_What the task requires_.
Pictures stay out; everything else in the records below is copied exactly.

· · · · · · ·

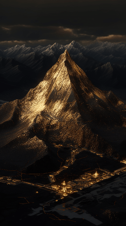 A Crest of a Mountain with a Structure atop of it, massive in scope does not look human made, maybe a city of Gold, complex structure,With a black background ,ultra-detailed,C4D,octane rendering,Blender,8K,HD,hyper detailed, hyper realistic, photorealistic,cinematic, HDR, unreal engine 5,hyper realistic, photorealistic --ar 9:16 --style raw --v 6.0
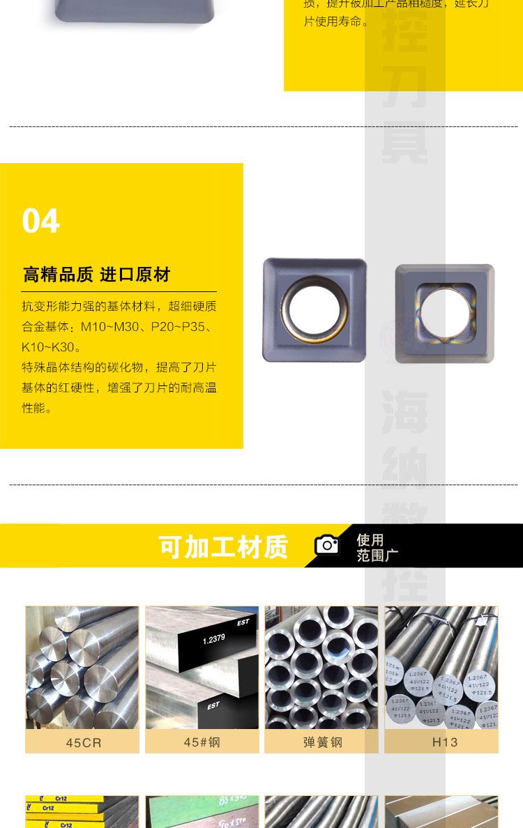 • 适用材质:碳钢/合金钢,不锈钢/不锈钢铸件,灰口铸铁/球墨铸铁,钛合金/镍合金,高硬材料
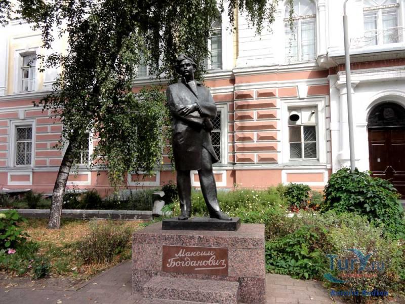 Памятник Максиму Адамовичу Богдановичу установлен в городе Ярославле, в сквере у входа в главный корпус Демидовского университета. Открыт памятник 9 декабря 1981 года, в день 90-летия со дня рождения Богдановича. Максим Адамович Богданович - белорусский поэт, публицист, литературовед, переводчик, классик белорусской литературы, один из создателей белорусской литературы и современного литературного белорусского языка. Лирика Богдановича тесно связана с устной народной поэзией, национально-освободительными идеями, проникнута любовью к трудовому народу. В некоторых стихах звучит протест против мира насилия и социальной несправедливости.
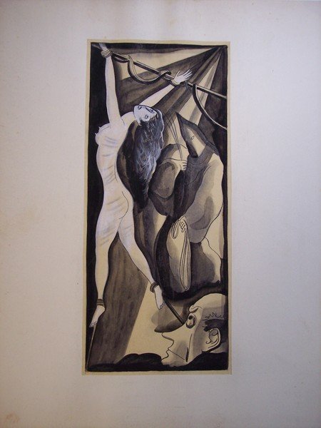 Tavola di cm. 24,5 x 10,5 eseguita a inchiostro, tempera, acquerello con tocchi di biacca.<BR>Il foglio, non firmato, è applicato su un cartoncino.<BR>(vd. Paris-Magazine, aprile 1935)<BR>OTTIME CONDIZIONI.
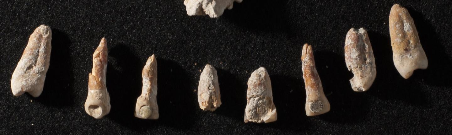 image: Teeth with dental inlays from a nonroyal elite Mayan tomb.
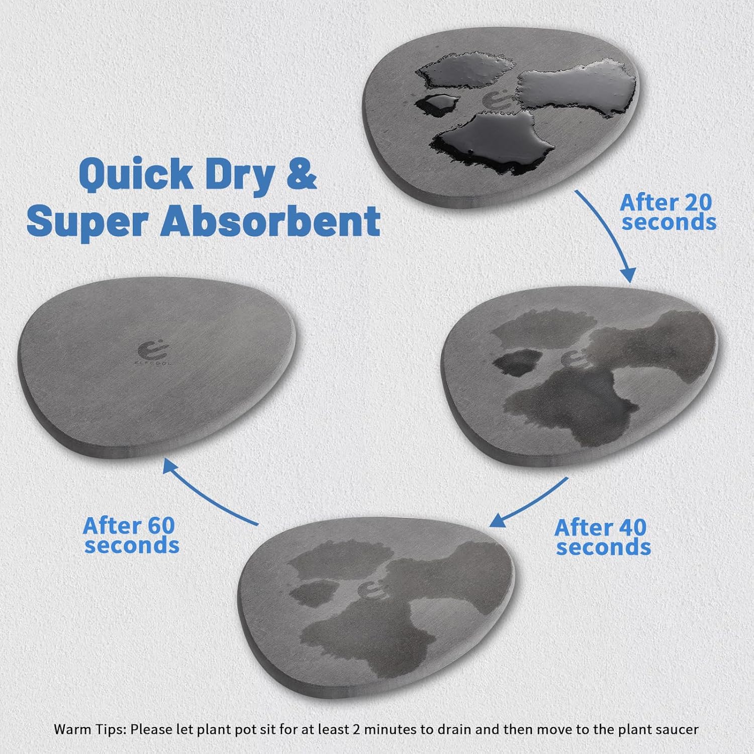 Instant Dry & Absorbing: Made of organic diatomaceous earth and recycled pulp fibers, under pot plant tray can absorb dripping and spilled liquid in seconds, to protect the floor, table and furniture away from wetting and damage effectively
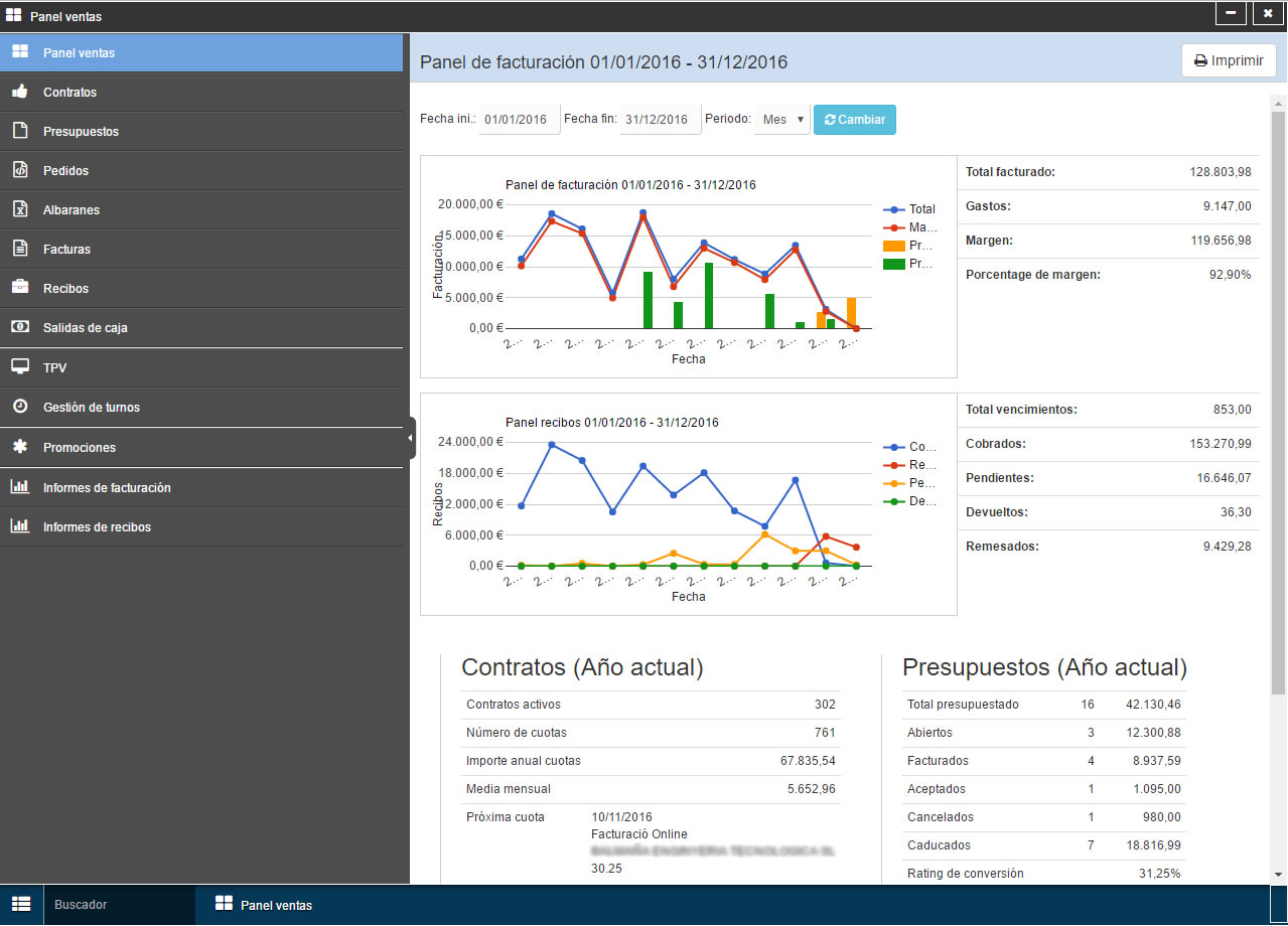 - Vendes: pressupostos, contractes, albarans, factures, cartera de rebuts, sortides de caixa, etc.

· · · · · · ·

_Written answer_.
 A Crest of a Mountain with a Structure atop of it, massive in scope does not look human made, maybe a city of Gold, complex structure,With a black background ,ultra-detailed,C4D,octane rendering,Blender,8K,HD,hyper detailed, hyper realistic, photorealistic,cinematic, HDR, unreal engine 5,hyper realistic, photorealistic --ar 9:16 --style raw --v 6.0
 • 适用材质:碳钢/合金钢,不锈钢/不锈钢铸件,灰口铸铁/球墨铸铁,钛合金/镍合金,高硬材料
 Памятник Максиму Адамовичу Богдановичу установлен в городе Ярославле, в сквере у входа в главный корпус Демидовского университета. Открыт памятник 9 декабря 1981 года, в день 90-летия со дня рождения Богдановича. Максим Адамович Богданович - белорусский поэт, публицист, литературовед, переводчик, классик белорусской литературы, один из создателей белорусской литературы и современного литературного белорусского языка. Лирика Богдановича тесно связана с устной народной поэзией, национально-освободительными идеями, проникнута любовью к трудовому народу. В некоторых стихах звучит протест против мира насилия и социальной несправедливости.
 Tavola di cm. 24,5 x 10,5 eseguita a inchiostro, tempera, acquerello con tocchi di biacca.<BR>Il foglio, non firmato, è applicato su un cartoncino.<BR>(vd. Paris-Magazine, aprile 1935)<BR>OTTIME CONDIZIONI.
 image: Teeth with dental inlays from a nonroyal elite Mayan tomb.
 Instant Dry & Absorbing: Made of organic diatomaceous earth and recycled pulp fibers, under pot plant tray can absorb dripping and spilled liquid in seconds, to protect the floor, table and furniture away from wetting and damage effectively
 - Vendes: pressupostos, contractes, albarans, factures, cartera de rebuts, sortides de caixa, etc.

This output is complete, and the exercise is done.